While formatting new stories (because of a miscount and final tweaking on the new site design no ETA on the update, sorry) I came across this story. I won’t include it on the site, but it briefly revived my interest in creating a section of the site that deals with women who regret continuing their pregnancies. I say “briefly” because I think if word got out that one could tell their story anonymously the site would get slammed and I want INS’ focus to be on the abortion experience. This is a very sad story and-I believe-not too uncommon. I don’t believe all her problems were caused by the pregnancy, but it damn sure didn’t help.

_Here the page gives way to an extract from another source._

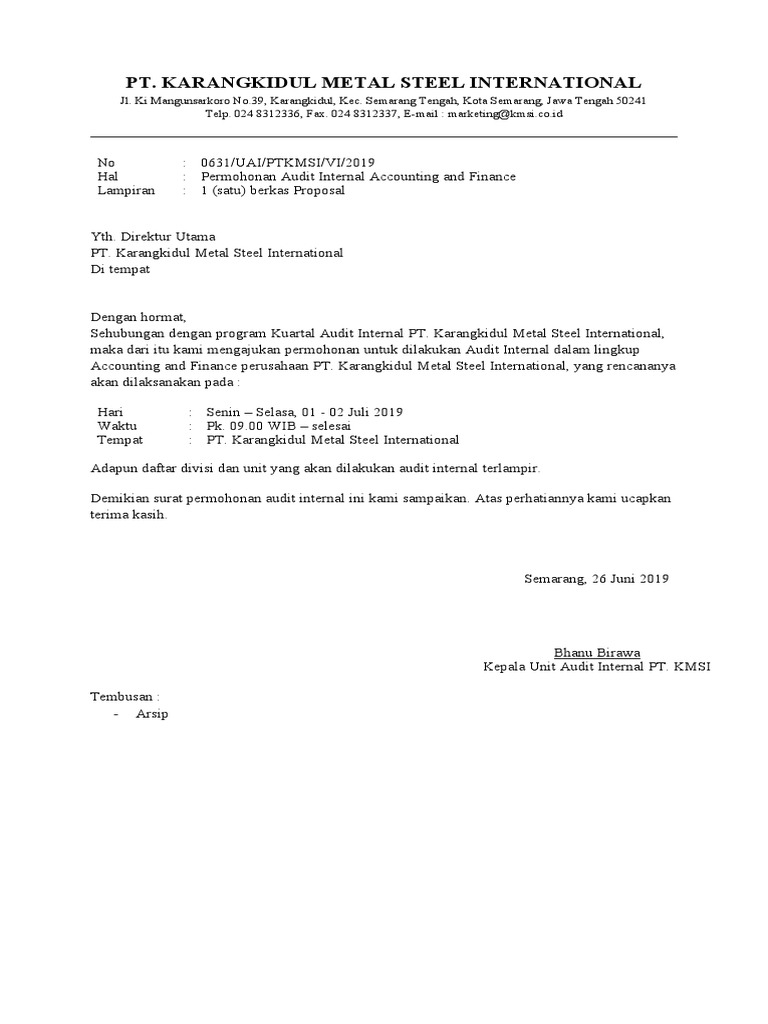. Contoh Surat Permohonan Audit Internal Finansial Perusahaan Manufaktur. Selain membuat surat undangan secara baik dan benar kamu juga harus. Doc Surat Permohonan Pemeriksaan Marni Uskono Academia Edu.

Her name is Diana. I have made no edits.
my story is different but i think it needs to be shared. it’s a story of what can happen when choice is taken away which is what happened to me. when i was 16 i got pregnant. my mother likes to play religious when it’s convenient for her which is what she did in this situation. she had no objections to my sister and i having boyfriends who spent the night when we were only 13. i asked her about that once and her excuse was she had been a hippie who believed in free love. when i got pregnant though she became religious and sanctimonious for about two seconds. she forbid me from having an abortion or even considering adoption. she forced me to drop out of high school, live with her and my abusive alcoholic father and have a baby i didn’t want and couldn’t love. she told me i would just have to get a GED and that it was the same thing as a high school diploma, which it is not as i found out later on when i tried to join the air force. so i had my son. he has developmental problems which an evaluation says is because i didn’t bond with him. i tried to force myself to love him but i could not. before having him i had plans to go to syracuse university and those dreams were gone. i always hear this anti choice propaganda about women being depressed after having an abortion and i find that ironic because i have suffered severe depression for just the opposite, not having an abortion and being forced to have a child i didn’t want. since having him my life has pretty much sucked. i’ve tried killing myself twice. i’ve latched onto physically and emotionally abusive relationships as a means of survival because let’s face it, i can’t take care of myself with my education level. i cry everytime i even hear about a high school prom or graduation because those had been things i had looked so forward to and they were taken from me. i want my story out there to show why choice is so important. no woman should have to suffer this kind of existance over a mistake.